LSU-Shreveport blocks Xavier's path at NAIA tournament
March 15, 2012
Box score
KANSAS CITY, Mo. — Derrick Parker, the NAIA
Division I leader in blocked shots, rejected Jamaan Kenner's 3-point attempt with
five seconds remaining Thursday to preserve LSU-Shreveport's 66-63 men's
basketball victory against Xavier University of Louisiana in the opening round
of the Buffalo Funds-NAIA Division I National Championship.
The Pilots (26-7), ranked 12th, advanced to a 12:30
p.m. Friday game against fifth-ranked Southern Poly, a 66-60 winner against
Cumberlands. The Gold Rush, ranked 21st and in the tournament for the
second consecutive year and the sixth time in eight seasons, finished 23-9.

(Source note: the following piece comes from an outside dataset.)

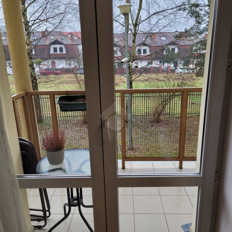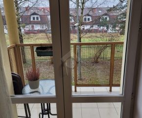 Z balkonu rozpościera się widok na tereny zielone, co zapewnia ciszę i komfort wypoczynku.

Xavier missed four field goals on the same possession
in the final 17 seconds,
including two blocked 3-pointers, to cap a roller-coaster game in which the Gold Rush
led 10-1 through six minutes, trailed 36-25 at halftime, rallied for a 47-42 lead with 9:52 remaining, then
lost the lead for good in the 33rd minute.
Greg Shyne scored 18 points, Parker 13, Cody Walker 12
and Mark Politte 11 for LSUS, which won its seventh in a row and for the 18th
time in 19 games. Parker, a first-team NAIA All-American two years ago,
grabbed 16 rebounds and blocked six shots.
Isiah Bazile, who had eight points, 11 rebounds and
seven assists, blocked Xavier's other late 3-pointer, by Kevin Miller with
17 seconds remaining. Miller and Denzell Erves also missed 2-pointers during
the final Gold Rush possession.
Chris Iles scored 20 points, and Erves had 12 points
and seven rebounds for Xavier. Wanto Joseph, an XU junior who entered the game with four
career 3-pointers, was 3-of-4 from behind to arc and finished with nine
points, five assists and no turnovers in 19 reserve minutes.
Xavier played its best in the first 12 minutes of
each half, when it outscored LSUS by a combined 36-18. But the Pilots
outscored the Gold Rush by a combined 48-27 in the final eight minutes of
those periods.
Two shooting streaks moved the Pilots into contention
in the first half and into control of the game in the second. LSUS made six
consecutive shots from the floor, including four 3-pointers, to turn a 14-9
deficit into a 25-20 lead at 4:51 of the first half. After Xavier made 5-of-6 3-pointers
to open the second period with a 22-6
run, the Pilots answered again by hitting five in a row from the floor.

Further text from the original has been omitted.